TinyML Applications for Embedded Devices
Learn to implement machine learning on low-power hardware for tasks like voice recognition, object detection, and motion sensing.
About this course
Machine learning is no longer confined to massive data centers; it is now powering the smallest devices in our daily lives. This course provides a practical foundation in TinyML, enabling you to build intelligent features for hardware with limited memory and power.

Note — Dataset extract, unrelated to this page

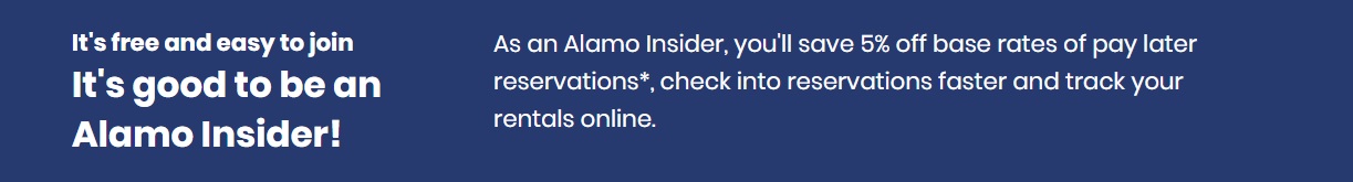 האם אתה רוצה לחסוך אפילו יותר כשאתה משתמש באחד משירותי השכרת הרכב של ALAMO? לאחר מכן, עליך להצטרף לאחת מתוכנית התגמולים כדי לקבל פיצוי על נאמנותך. אתה יכול לחסוך לפחות 5% הנחה על תעריפי הבסיס או שאתה יכול לקבל הנחות נוספות ושיעורי עמלות גבוהים בתור שותף. בדוק תמיד את קטגוריית המבצעים באתר הרשמי כדי לחסוך יותר מ-10% הנחה על רכבים מסוימים. קנה במהלך אירועי המכירות המיוחדים כמו בלאק פריידי, סייבר מאנדיי, מכירות יום הרווקים וכן הלאה כדי לחסוך עד 65% הנחה על השכרת הרכב שלך. ואל תשכחו להירשם לניוזלטר כדי לקבל הנחות נוספות על הזמנות נוספות שנעשו עם ALAMO.
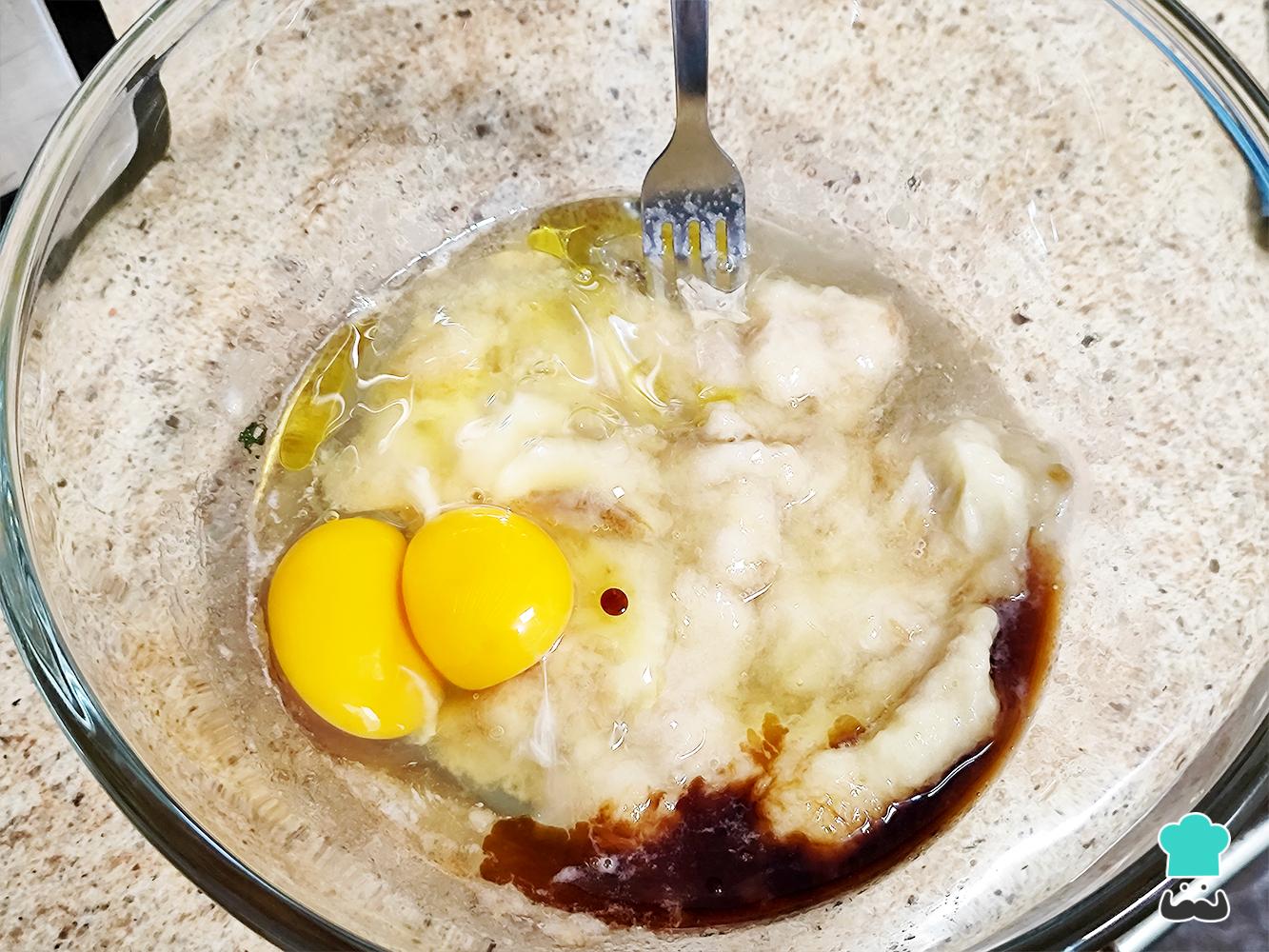 Añade los huevos, el azúcar, la vainilla y el aceite. Mezcla bien hasta integrar.

You will learn how to bridge the gap between complex algorithms and constrained embedded systems. Through written explanations and code-based examples, you will explore how to process sensor data to make real-time decisions on the edge.
What you'll learn:
- Understand the core principles and constraints of edge computing and TinyML terminology
- Implement keyword spotting systems for voice-activated device commands
- Apply visual wake word techniques to identify specific objects or people using low-power sensors
- Develop gesture recognition models using motion data from accelerometers and gyroscopes
- Optimize models using quantization and pruning to fit within strict hardware limits
- Explore modern MLOps workflows for deploying and monitoring models on remote edge devices
The course begins with foundational concepts of embedded AI before diving into specific applications for audio, vision, and motion data. You will follow a structured path from understanding raw sensor input to deploying an optimized model on a microcontroller.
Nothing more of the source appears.